Median confidence in a medical evaluation without ancillary testing was 20 (95 percent confidence interval [CI], 16 to 25) compared with 90 (95 percent CI, 88 to 91) when laboratory testing and CT were included. About 75 percent of patients underestimated the amount of radiation delivered by a CT scan (assessed by comparing it to chest radiography) and cancer risk comprehension was poor. Median agreement with the Hiroshima statement was 13 (95 percent CI, 10 to 16) and with the increased lifetime cancer risk statement was 45 (95 percent CI, 40 to 45).

Further, only 3 percent of patients understood that CT scans increased a person’s lifetime risk of cancer. Some estimates hold that 1.5 to 2 percent of all cancers in the U.S. may be attributable to the radiation from CT exams.

“Physicians use abdomen-pelvis CT scans because they have been demonstrated to increase certainty of diagnosis, decrease the need for emergency surgery, and avert up to a quarter of hospital admissions,” said the study author. “At the same time, there is growing concern about the long-term consequences of CT scans, particularly in patients who receive many of these scans over the course of their lifetime.”

And, they don’t report that they’ve gotten previous CT scans. Of 365 patients who reported no previous CT, 142 (39 percent) had one documented in their electronic medical record.

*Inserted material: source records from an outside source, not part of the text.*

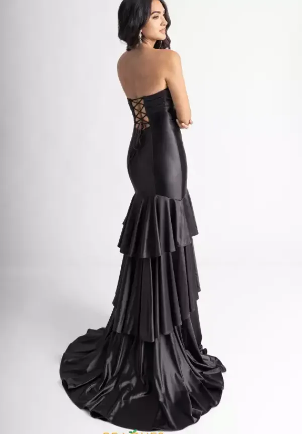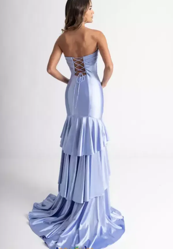 Dance the night away wearing beautiful long fitted dress by Rachel Allan, style 70987. Featuring a ravishing strapless sweetheart neckline with a rose in the middle paired with a high thigh slit and a ruffled bottom skirt. Made entirely from satin material with a corset lace up to shape your waist beautifully.
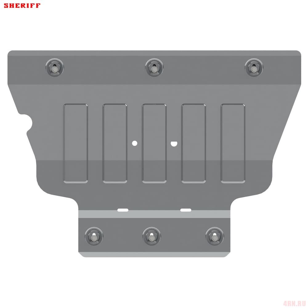 Защита картера Sheriff нужна для сохранности узлов и агрегатов, находящихся на днище авто. Она надежно защитит двигательный отсек вашего автомобиля от повреждений. Также она защищает моторный отсек от влаги и грязи, и предусматривает наличие металлических крыльев, которые выполняют функцию пыльника.
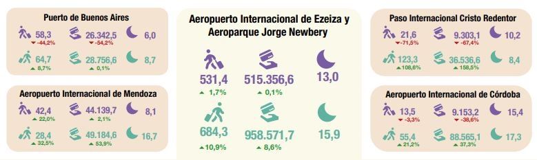 El 71,8% del turismo receptivo provino de países limítrofes, los principales fueron: Brasil, que aportó 32,4%; Uruguay, 16,4%; y Chile, 10,3%. El 53,8% de los turistas no residentes arribó a Argentina a través de la vía aérea; el 35,5% utilizó la vía terrestre; y el 10,7% restante llegó por vía fluvial/ marítima. Los pasos relevados por la ETI representaron el 58,6% del turismo receptivo.
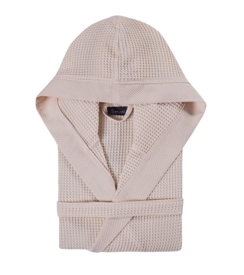 Peignoir mi-long nid d'abeille à capuche Pétale L
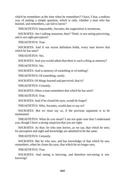 SOCRATES: Am I talking nonsense, then? Think: is not seeing perceiving,
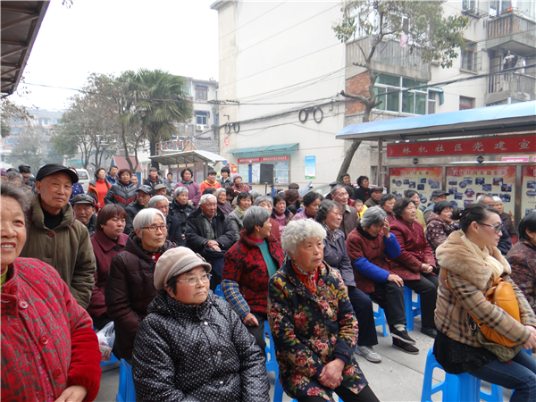 当天下午,尽管天公不作美,但仍然挡不住演员与观众们的热情。活动尚未开始,居民们已从四面八方汇聚到林机居委会门前,顿时热闹非凡、其乐融融,特别是一些老年朋友带着小孩抢先坐在前排,静静地等待着演出的开始。此次演出内容丰富、贴近百姓生活,以锡剧、扬剧、淮剧为主,共演出《沙家浜》、《白蛇传》、《亲家母相会》、《牙痕记》、《梁祝》、《双下山》等7个节目。演员们精湛的演技赢得在场观众掌声不断,现场热情高涨、欢声笑语,处处洋溢着喜悦和谐的欢乐氛围。
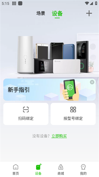 2、进入设备页面,选择“扫码绑定”扫描机身背面二维码或开机扫描屏上二维码对设备进行绑定。
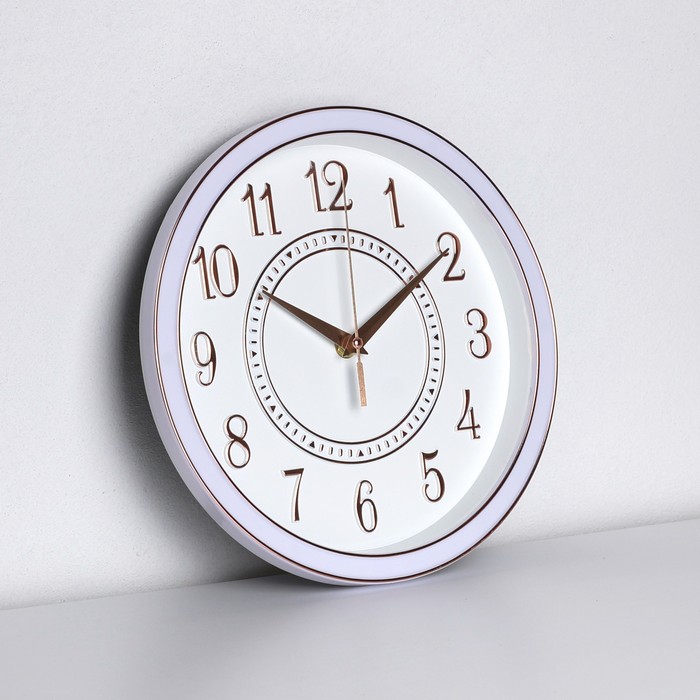 Clock, GS, For wall, 25cm, Plastic, White, Circular, Arabic numerals
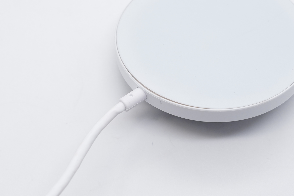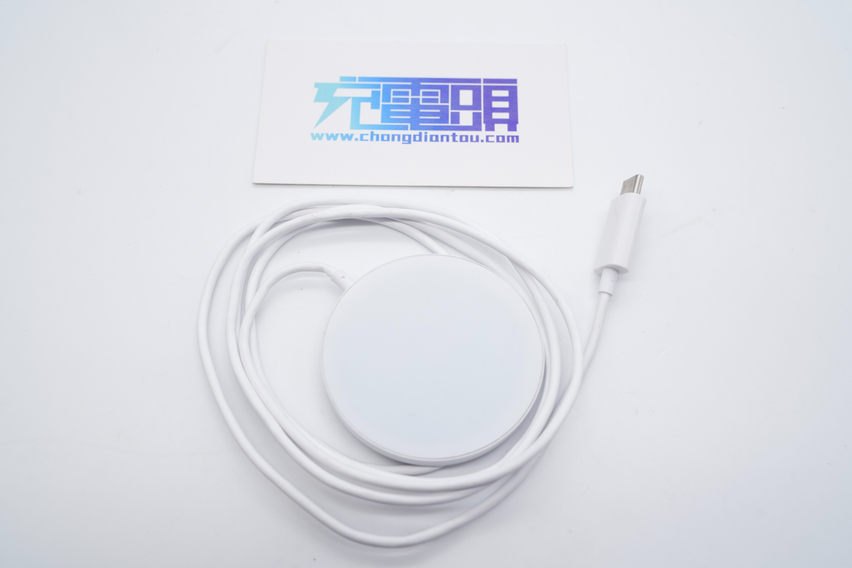 PYS鹏元晟最新推出的这款MagSafe磁吸无线充电器的外观为白色,常见的配色,磁吸无线充电板加连接线配置,输入端采用USB-C接头,支持正反盲插,用户使用时无需刻意关注接口正反的问题。

There’s plenty of circumstances in healthcare when testing is warranted, or even when unneeded tests can’t be avoided. Consider this scenario involving a patient who transferred to a second hospital, and since the two facilities didn’t use a common electronic medical record, the doctor had to order a duplicate X-ray for the work-up.

But scans aren’t always a benefit. Use of CT scans has grown 16 percent over the years. Archives of Internal Medicine offers an short and excellent read on the subject in its “Less is More” section. The authors wrote, “Often, diagnostic tests are ordered without questioning how the result will or should change patient treatment. Instead, tests are ordered to ‘reassure,’ ‘just to be sure,’ ‘just in case,’ or ‘just to know.'”

And then, one test result requires another, and another, or leads to an invasive test that resulted from a false positive. All this before the physician sees the patient.

“[T]here are safer ways to reassure patients,” the authors wrote. “Physicians are (still) highly respected professionals, and patients value our advice. Talking with our patients should be our first choice for reassurance; tests should be reserved for cases in which the benefits can be reasonably expected to outweigh the risks.”